**Exercise goal**
Omit the images, then repeat the listing exactly.

**Dataset content**

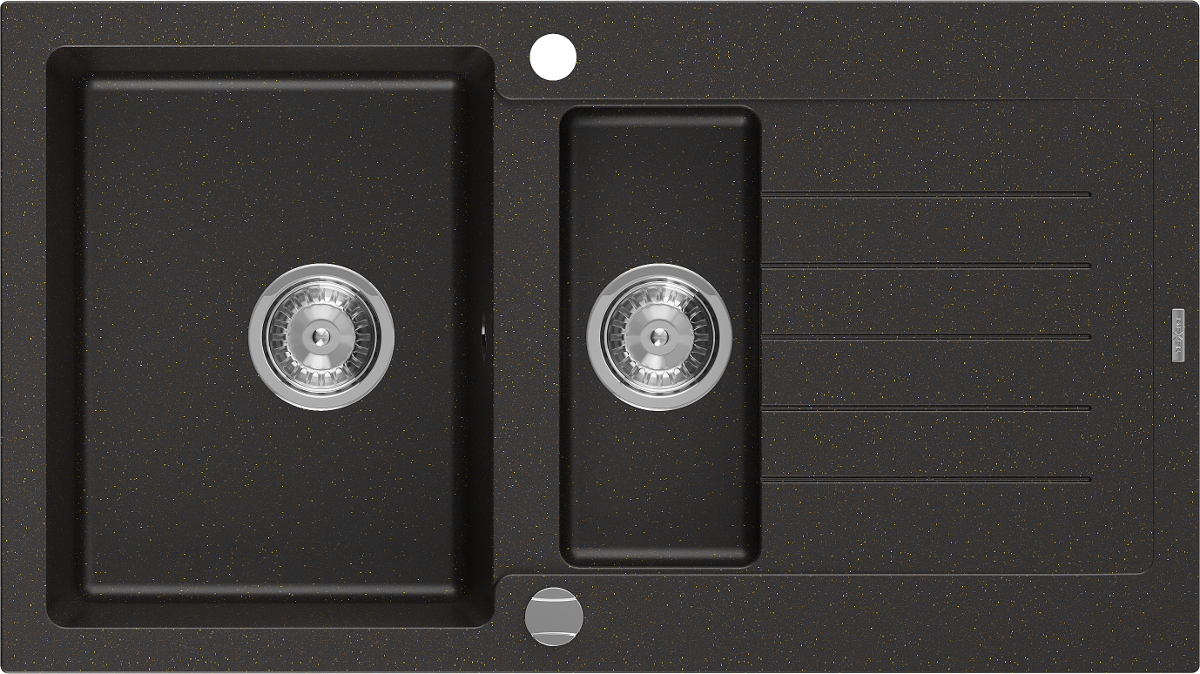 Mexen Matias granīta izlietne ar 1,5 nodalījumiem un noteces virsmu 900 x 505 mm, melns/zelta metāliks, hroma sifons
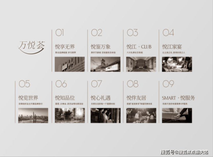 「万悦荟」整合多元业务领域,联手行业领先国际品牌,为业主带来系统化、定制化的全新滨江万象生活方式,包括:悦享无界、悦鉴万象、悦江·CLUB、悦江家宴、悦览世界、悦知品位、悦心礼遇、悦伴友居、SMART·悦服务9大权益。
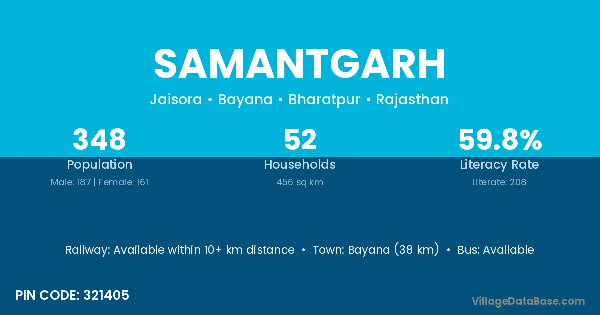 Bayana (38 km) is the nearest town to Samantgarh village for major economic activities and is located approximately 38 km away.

**Response area**
 Mexen Matias granīta izlietne ar 1,5 nodalījumiem un noteces virsmu 900 x 505 mm, melns/zelta metāliks, hroma sifons
 「万悦荟」整合多元业务领域,联手行业领先国际品牌,为业主带来系统化、定制化的全新滨江万象生活方式,包括:悦享无界、悦鉴万象、悦江·CLUB、悦江家宴、悦览世界、悦知品位、悦心礼遇、悦伴友居、SMART·悦服务9大权益。
 Bayana (38 km) is the nearest town to Samantgarh village for major economic activities and is located approximately 38 km away.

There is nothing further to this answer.